1. elasticsearch源码\gradle\wrapper\gradle-wrapper.properties
distributionBase=GRADLE_USER_HOME
distributionPath=wrapper/dists
distributionUrl=https\://services.gradle.org/distributions/gradle-7.5.1-all.zip
zipStoreBase=GRADLE_USER_HOME
zipStorePath=wrapper/dists
distributionSha256Sum=db9c8211ed63f61f60292c69e80d89196f9eb36665e369e7f00ac4cc841c2219
2. https\://services.gradle.org/distributions/gradle-7.5.1-all.zip 下载
3. 放置 gradle-7.5.1-all.zip 到elasticsearch\gradle\wrapper
4. 修改gradle-wrapper.properties
distributionUrl=gradle-7.5.1-all.zip

修改全局gradle仓库地址
在USER_HOME/.gradle/下面创建新文件 init.gradle（没有这个文件的可以手动创建），输入下面的内容并保存。
修改gradle的远程仓库地址为阿里云的仓库

allprojects{
    repositories {
        def ALIYUN_REPOSITORY_URL = 'https://maven.aliyun.com/repository/public/'
        def ALIYUN_GRADLE_PLUGIN_URL = 'https://maven.aliyun.com/repository/gradle-plugin/'
        all { ArtifactRepository repo ->
            if(repo instanceof MavenArtifactRepository){
                def url = repo.url.toString()
                if (url.startsWith('https://repo1.maven.org/maven2/')) {
                    project.logger.lifecycle "Repository ${repo.url} replaced by $ALIYUN_REPOSITORY_URL."
                    remove repo
                }
                if (url.startsWith('https://jcenter.bintray.com/')) {
                    project.logger.lifecycle "Repository ${repo.url} replaced by $ALIYUN_REPOSITORY_URL."
                    remove repo
                }
                if (url.startsWith('https://plugins.gradle.org/m2/')) {
                    project.logger.lifecycle "Repository ${repo.url} replaced by $ALIYUN_GRADLE_PLUGIN_URL."
                    remove repo
                }
            }
        }
        maven { url ALIYUN_REPOSITORY_URL }
        maven { url ALIYUN_GRADLE_PLUGIN_URL }
    }
}

2. IDEA 运行

1. 环境准备

IDEA 导入源码项目

File->Open->选中es根目录进入导入

project struct 设置项目SDK，这里选择idea 自带的默认的17

设置gradle 的编译环境

perference 搜索gradle:

2. 开始编译

编译源码

导入IDEA 之后右下角会弹窗load gradle project，如果自己没点，可以点gradle然后手动Reload

点击完成之后需要等待一段时间，build 比较费时间。

这里不需要自己设置子项目为 gradle 项目，我在一开始还自己设置了，在自己 reload all projects 的时候会自动加载子项目。

构建发布包

操作：根据自己的操作系统，选择对应的 no-jdk-*-tar 的 build 按钮，构建 Elasticsearch 发布包。
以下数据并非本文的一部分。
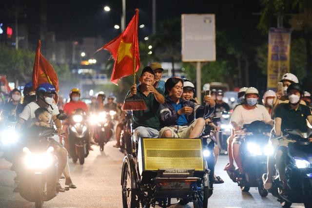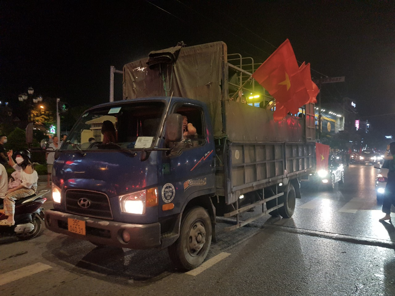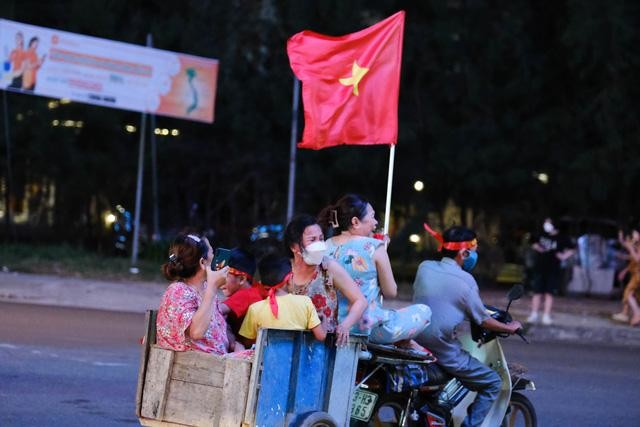 Nhiều người còn ngồi lên cả thùng xe 3 bánh để phất cờ, nhảy múa, hát ca, hô vang Việt Nam chiến thắng.
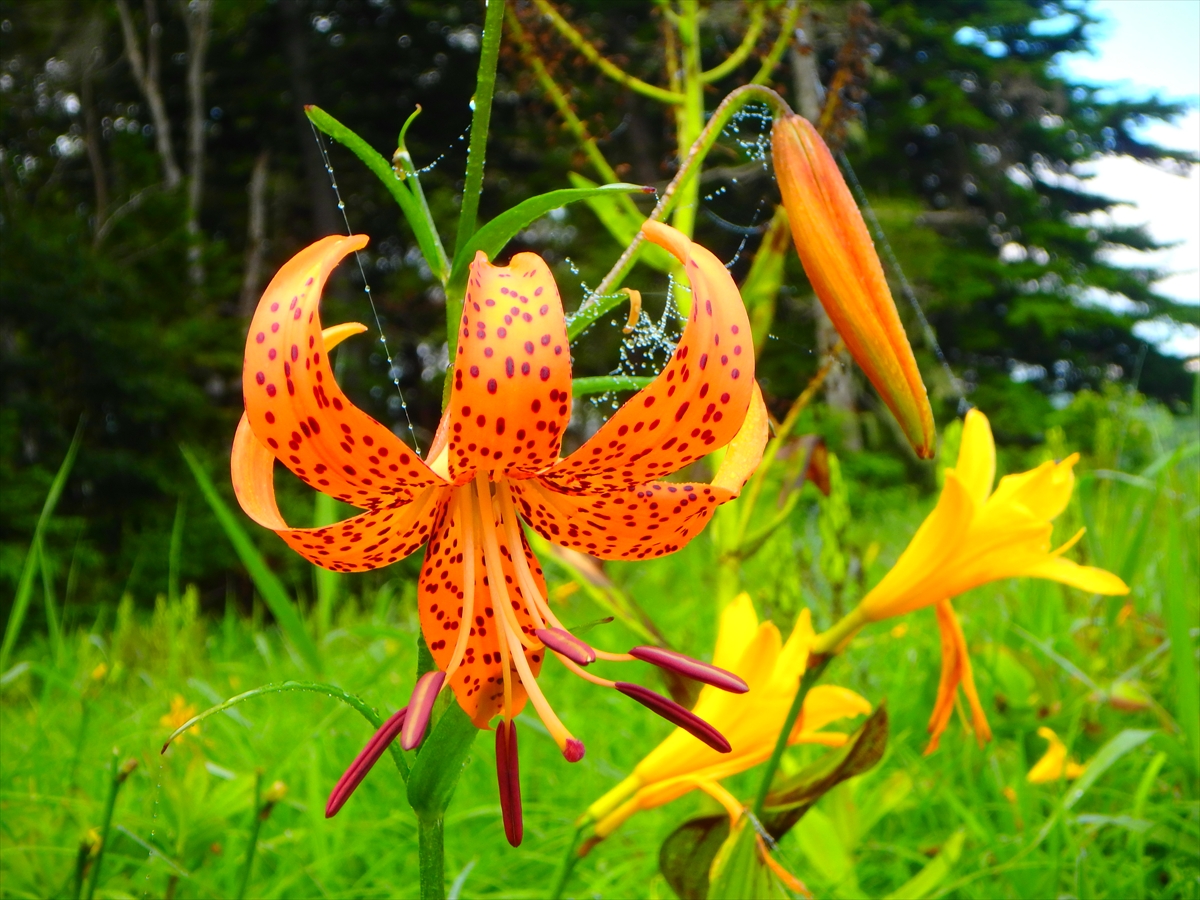 こちらはコオニユリとニッコウキスゲの競演です。どちらも大変色鮮やかであり、花弁も大きいためとても目立ちます。朝露に濡れた姿は、しっとりとしてとても美しいです。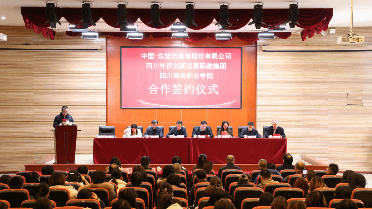 2024年1月15日,中国-东盟信息港股份有限公司与KY开元集团官网共建“四川外贸创新发展产业学院”,与四川外贸创新发展职教集团围绕《关于加快推进现代职业教育体系建设改革重点任务的通知》的十一条重点任务合作签约仪式在KY开元集团官网商务信息交流中心隆重举行。四川省商务厅党组成员、副厅长陈友清,四川省商务厅外贸创新处副处长汪蕾,中国-东盟信息港股份有限公司高级副总裁吴玉青、教育行业总监孔陈闽、市场总监王高杰,山东依智科技产业开发集团有限公司总经理周卫民,成都市跨境电子商务协会校企合作负责人宋静,KY开元集团官网领导班子成员、相关职能部门负责人、各系主任及经济贸易系相关专业师生共200余人参加了签约仪式。仪式由党委副书记张军主持。学院党委副书记、院长高司华代表学院致辞。

构建完成：在对应的 xxx-tar 目录会有相应的build 目录以及文件

构建原因：distribution/archives/no-jdk-darwin-aarch64-tar/build/install/elasticsearch-7.17.8-SNAPSHOT 目录下会有许多模块， Elasticsearch 采用模块化，所以我们在改动到 modules 模块的代码时，都需要重新 build 一次，即使只添加了代码注释。否则，IDEA Debug 调试时，代码行号会对应不上哈。

构建的过程中，发现资源下载失败：

错误信息如下：
Could not determine the dependencies of task ':x-pack:plugin:ml:bundlePlugin'.
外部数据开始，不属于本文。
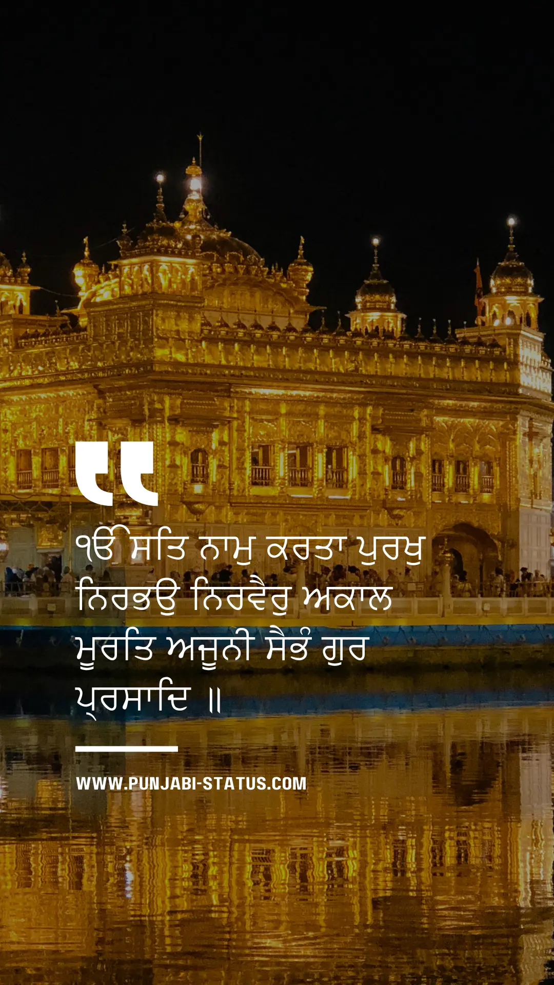ੴ ਸਤਿ ਨਾਮੁ ਕਰਤਾ ਪੁਰਖੁ ਨਿਰਭਉ ਨਿਰਵੈਰੁ ਅਕਾਲ ਮੂਰਤਿ ਅਜੂਨੀ ਸੈਭੰ ਗੁਰ ਪ੍ਰਸਾਦਿ ॥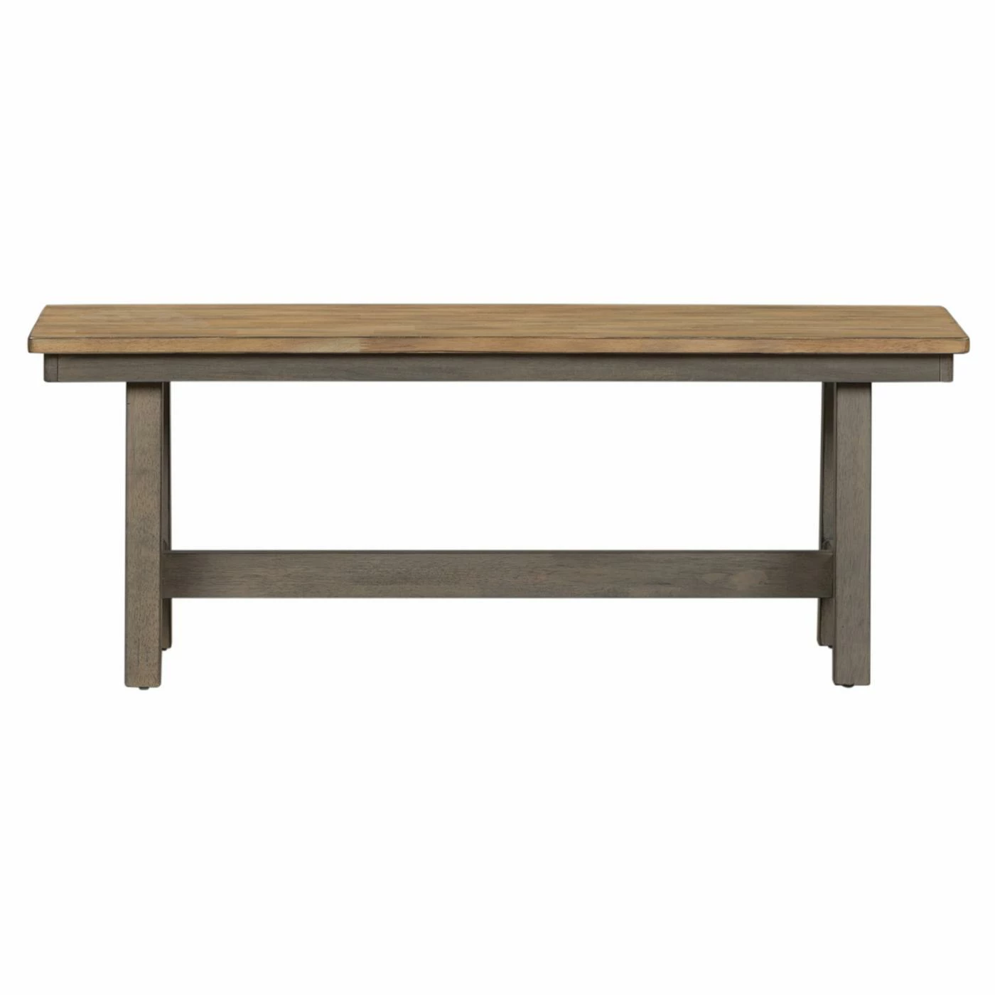 Mix up your dining room seating with the Liberty Furniture Industries Lindsey Farm Backless Dining Bench. This bench is supported by trestle legs in a gray finish. The seat features a warm sandstone finish. Pair this rustic bench with a farmhouse dining table to create a cohesive look.

Could not resolve all task dependencies for configuration ':x-pack:plugin:ml:nativeBundle'.
Could not resolve org.elasticsearch.ml:ml-cpp:7.17.8-SNAPSHOT.
Required by:
project :x-pack:plugin:ml
> Could not resolve org.elasticsearch.ml:ml-cpp:7.17.8-SNAPSHOT.
> Could not get resource 'https://artifacts-snapshot.elastic.co/ml-cpp/7.17.8-SNAPSHOT/downloads/ml-cpp/ml-cpp-7.17.8-SNAPSHOT.zip'.
> Could not HEAD 'https://artifacts-snapshot.elastic.co/ml-cpp/7.17.8-SNAPSHOT/downloads/ml-cpp/ml-cpp-7.17.8-SNAPSHOT.zip'.
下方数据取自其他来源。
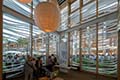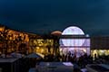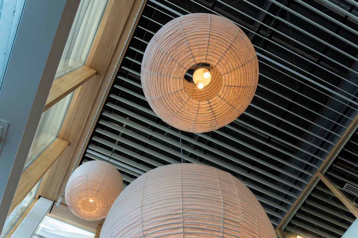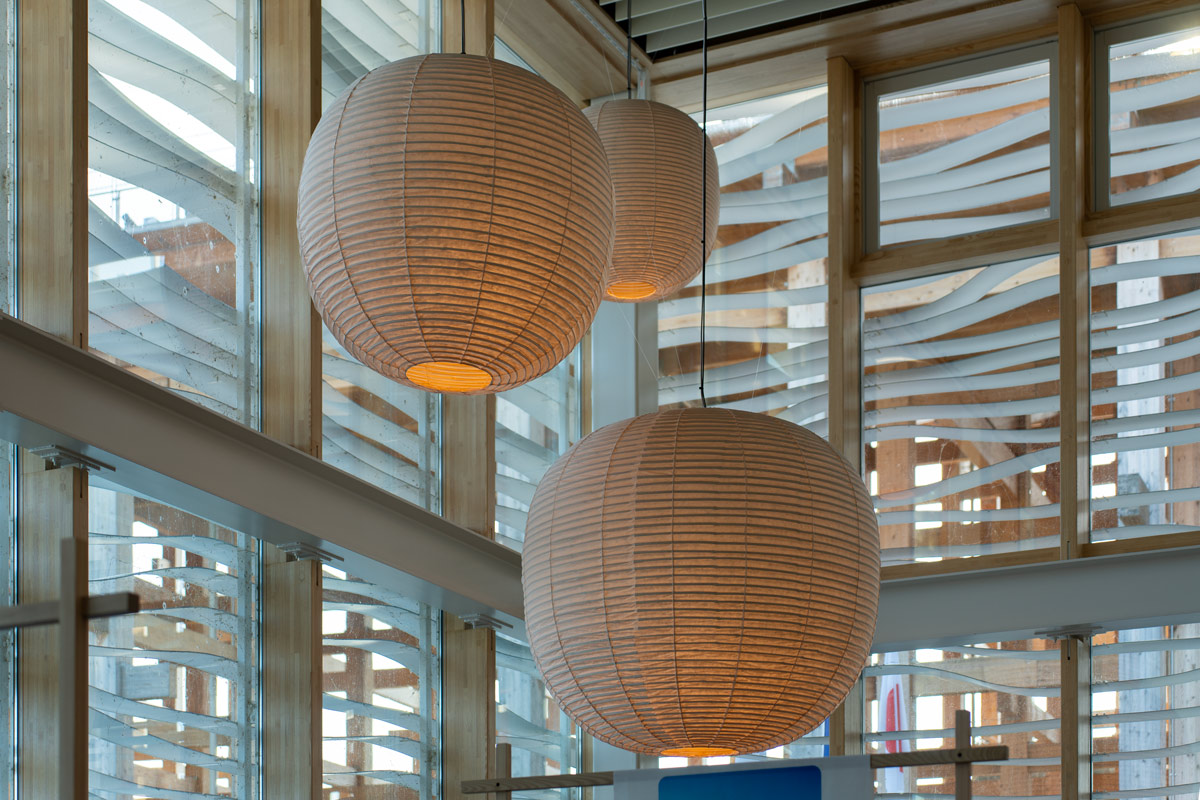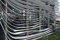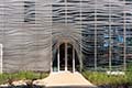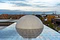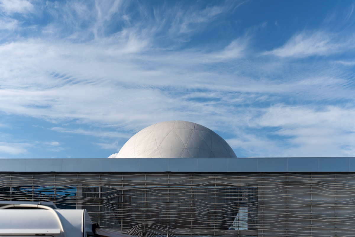 外装は板状のFRPが波のようにうねり、水流を表現。屋根は鏡面RVS板仕上げとし、上空やグランドリングからも完全な球として認識できるよう工夫された。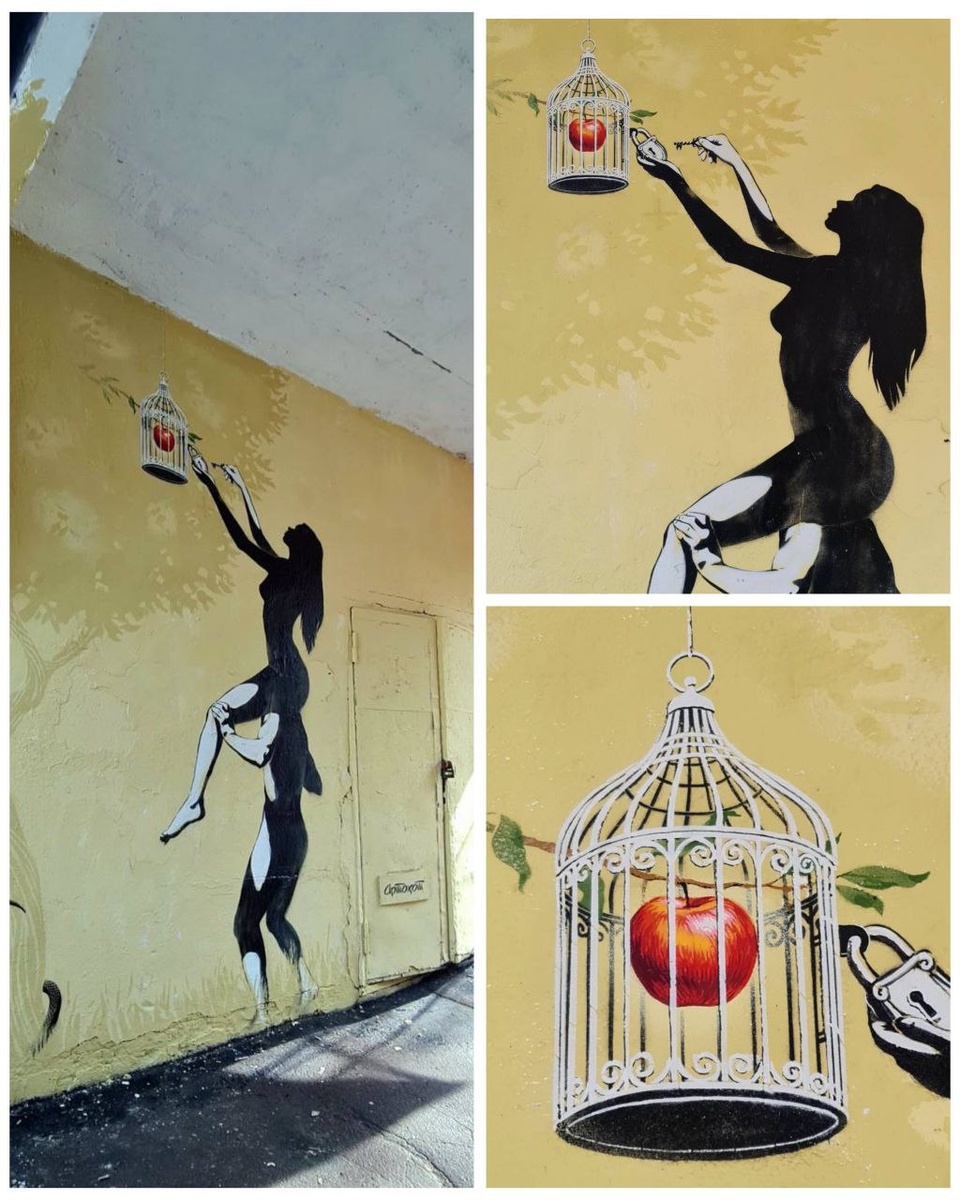 🎨 💬 Работа посвящена самой первой женщине, точнее, первородному греху, как говорит автор Артём Артохот, и сделана она в ночь на пятницу 13-е. 📍 «Ева» / ул. Библиотечная 16-14 (проход), Химки Акрил/ трафаретная техника/ аэрозоль/ 2026 #Химки #Подмосковье

Connect to 127.0.0.1:33210 [/127.0.0.1] failed: Connection refused

解决办法：参考 https://github.com/elastic/elasticsearch/issues/48350

修改elasticsearch-7.17.8/x-pack/plugin/ml/build.gradle文件：

最终下载地址：

https://prelert-artifacts.s3.amazonaws.com/maven/org/elasticsearch/ml/ml-cpp/7.17.8-SNAPSHOT/ml-cpp-7.17.8-SNAPSHOT.zip

ps：如果下载失败，可能需要FQ，或者自己下载下载修改该文件走localRepo 的逻辑。

3. 源码启动

0. 源码简介

整个es java 源代码大概233W行，可以想象如果想弄清楚是多么的复杂。

es 采用模块化操作， server 是和服务端的主要程序; transport-netty4 模块是 Elasticsearch 基于 Netty 实现网络通讯，我们常用的 9200 或 9300 就是由它提供的。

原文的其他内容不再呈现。